5. A terminal for constructing an image moiré pattern analysis model, characterized in that, Includes a memory, a processor, and a computer program stored in the memory and executable on the processor, wherein the processor, when executing the computer program, performs the following steps: S1. Obtain the image to be processed and construct a multi-scale convolutional model to extract the input. S2. The image to be processed with moiré pattern features is blurred and transformed, and the original image to be processed is subtracted from the transformed image to obtain the moiré pattern feature image. Step S2 specifically involves: S21. Constructing fuzzy operator formulas: (1); in, G ( x ', y ') represents the blurred pixel value, π is pi, and σ is the standard deviation of the Gaussian kernel. This indicates summation within a neighborhood centered on the current pixel. I ( x , y ) is the coordinate in the original image ( x , y x' and y' are the pixel values ​​of the blurred image, and x' and y' are the coordinates of the pixels in the blurred image. S22. Define the image to be processed with moiré pattern features as F, and process image F... G ( x ', y The feature image K is obtained after fuzzy transformation. S23. Subtract image F from feature image K to obtain moiré feature image M with moiré pattern characteristics: M=KF(2) S3. Input the moiré pattern feature image and the image to be processed without moiré pattern features into the multi-scale convolution extraction input model, carry out moiré pattern model training, and obtain the moiré pattern judgment model.

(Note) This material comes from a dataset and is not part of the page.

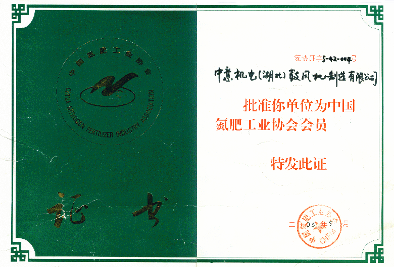 中國氮肥(fei)行(xing)業會員(yuan)證書(shu)

6. The image moiré pattern analysis model construction terminal according to claim 5, characterized in that, The multi-scale convolutional input extraction model consists of three 3-channel input convolutional groups, and the number of convolutional kernels in each of the three convolutional groups is 1. The first convolutional group has a scale of 3×3, the second convolutional group has a scale of 5×5, and the third convolutional group has a scale of 7×7.

7. A terminal for constructing an image moiré pattern analysis model according to claim 5, characterized in that, Step S3 specifically involves: S31. Uniformly sample the moiré pattern feature image and the non-moiré pattern feature image, with a ratio of 1:

1. The non-moiré pattern feature image is the image to be processed that does not have moiré pattern features. S32. Stack the moiré pattern feature image and the non-moiré pattern feature image in multiple batches and input them into the multi-scale convolutional extraction input model, and predict the output value between 0 and 1; S33. Mark the output values ​​between 0 and 1 with target labels, where 0 represents no moiré pattern and 1 represents moiré pattern. S34. Calculate the regression error using the target label and the output; S35. The error is backpropagated to train the model and obtain the moiré pattern judgment model.

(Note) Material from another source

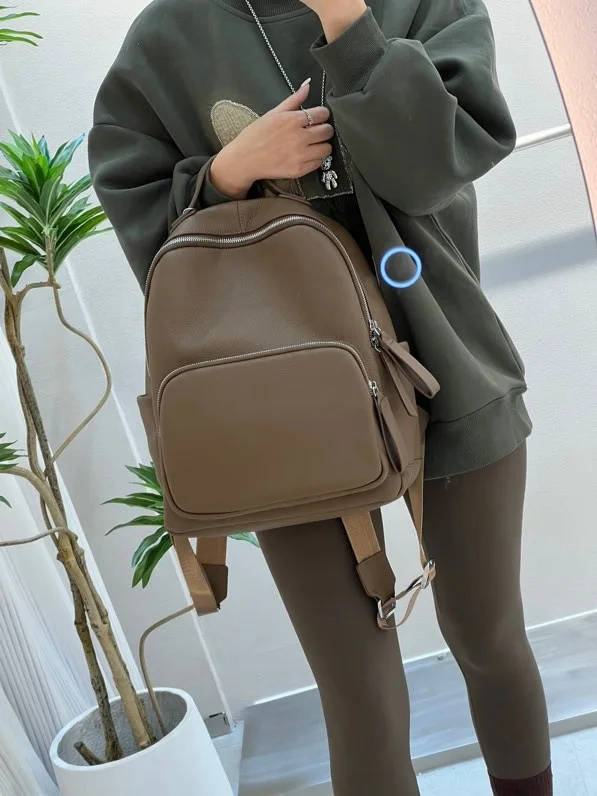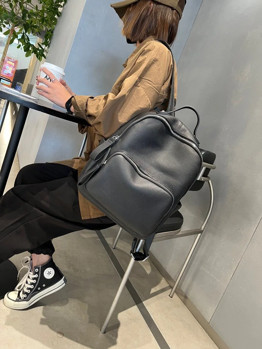 2024 New Cowhide Leather Shoulder Bags Large Capacity Practical Versatile Travel Bag Fashion Design Female School Laptop Bookbag

8. A terminal for constructing an image moiré pattern analysis model according to claim 7, characterized in that, Step S34 specifically involves: The mean squared error weighting method is used to calculate the regression error between the target label and the output: (3); in i This indicates the lower coordinate of the output. y i Indicates the predicted output. t i Indicates the tag value. m Indicates the upper limit of the output quantity. α and β These are the decay coefficients for the predicted output and the label value, respectively.